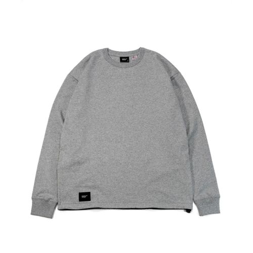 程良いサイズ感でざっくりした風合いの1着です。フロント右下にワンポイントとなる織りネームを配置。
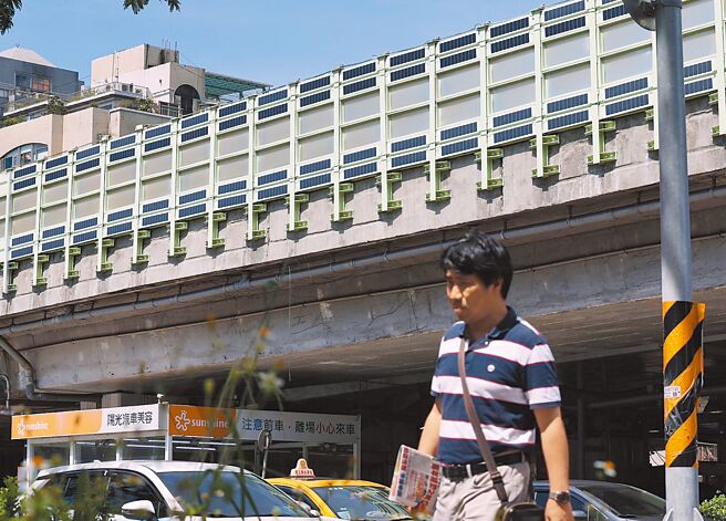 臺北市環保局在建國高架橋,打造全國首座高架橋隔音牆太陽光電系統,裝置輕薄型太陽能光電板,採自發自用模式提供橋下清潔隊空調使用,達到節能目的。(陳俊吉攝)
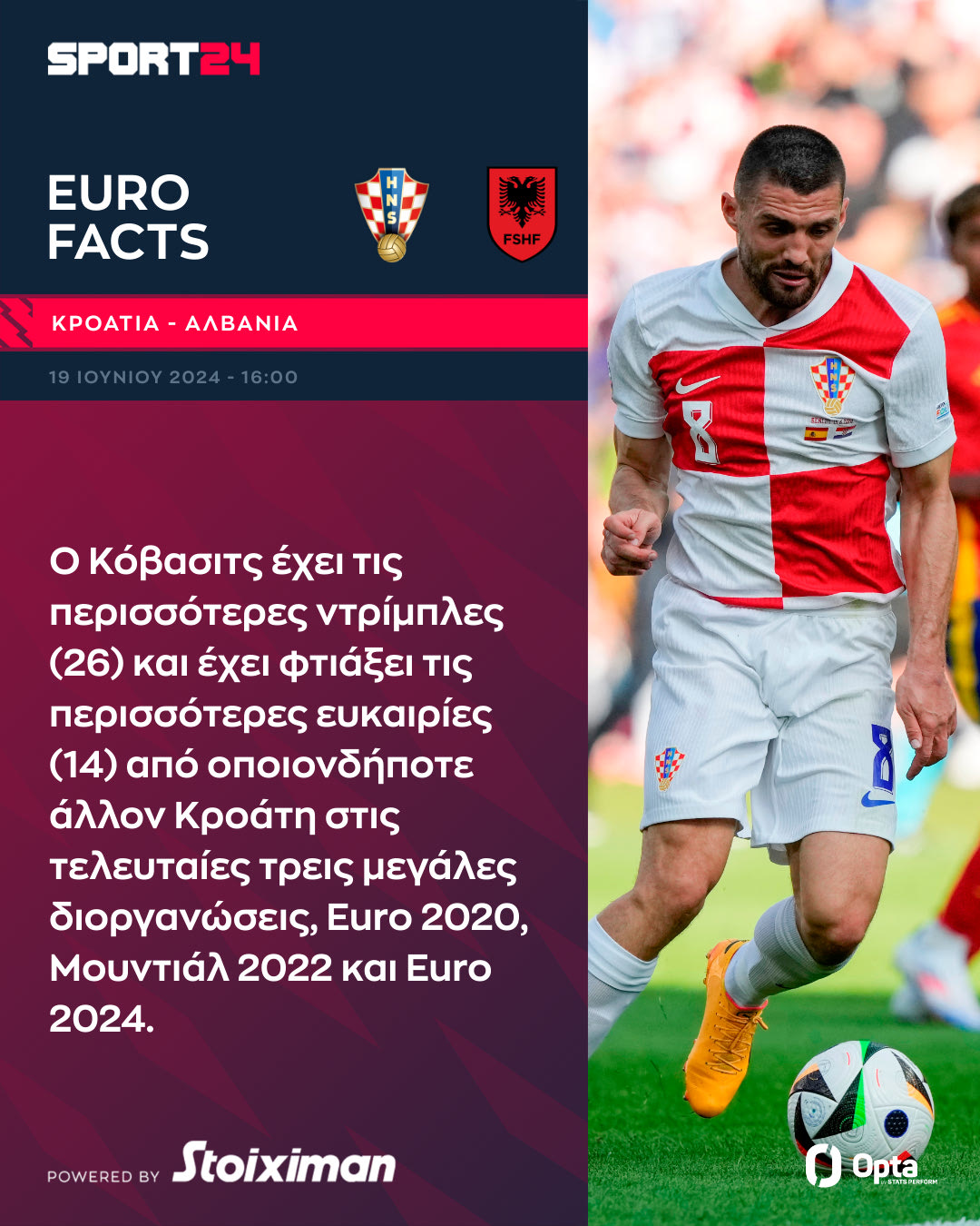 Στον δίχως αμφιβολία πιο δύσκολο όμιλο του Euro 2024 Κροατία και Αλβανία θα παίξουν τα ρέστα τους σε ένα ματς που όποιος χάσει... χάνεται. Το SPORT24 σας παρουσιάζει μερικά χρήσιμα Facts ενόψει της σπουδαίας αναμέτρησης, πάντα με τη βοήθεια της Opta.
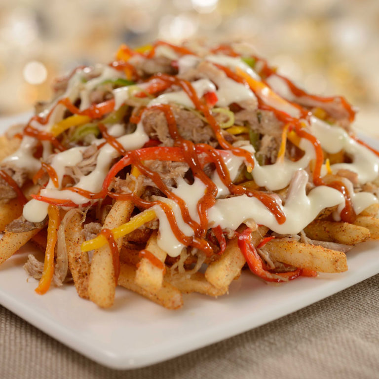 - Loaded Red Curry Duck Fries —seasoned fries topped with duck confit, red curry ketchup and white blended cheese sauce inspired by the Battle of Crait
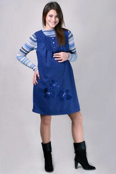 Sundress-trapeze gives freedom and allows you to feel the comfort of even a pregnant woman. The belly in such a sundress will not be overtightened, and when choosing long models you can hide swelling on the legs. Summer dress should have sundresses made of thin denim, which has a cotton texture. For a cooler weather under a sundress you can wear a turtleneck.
----
WHAT THE TASK ASKS:
Would you retype the listing above exactly, omitting its pictures?

RESPONSE FOR THIS EXERCISE:
 程良いサイズ感でざっくりした風合いの1着です。フロント右下にワンポイントとなる織りネームを配置。
 臺北市環保局在建國高架橋,打造全國首座高架橋隔音牆太陽光電系統,裝置輕薄型太陽能光電板,採自發自用模式提供橋下清潔隊空調使用,達到節能目的。(陳俊吉攝)
 Στον δίχως αμφιβολία πιο δύσκολο όμιλο του Euro 2024 Κροατία και Αλβανία θα παίξουν τα ρέστα τους σε ένα ματς που όποιος χάσει... χάνεται. Το SPORT24 σας παρουσιάζει μερικά χρήσιμα Facts ενόψει της σπουδαίας αναμέτρησης, πάντα με τη βοήθεια της Opta.
 - Loaded Red Curry Duck Fries —seasoned fries topped with duck confit, red curry ketchup and white blended cheese sauce inspired by the Battle of Crait
 Sundress-trapeze gives freedom and allows you to feel the comfort of even a pregnant woman. The belly in such a sundress will not be overtightened, and when choosing long models you can hide swelling on the legs. Summer dress should have sundresses made of thin denim, which has a cotton texture. For a cooler weather under a sundress you can wear a turtleneck.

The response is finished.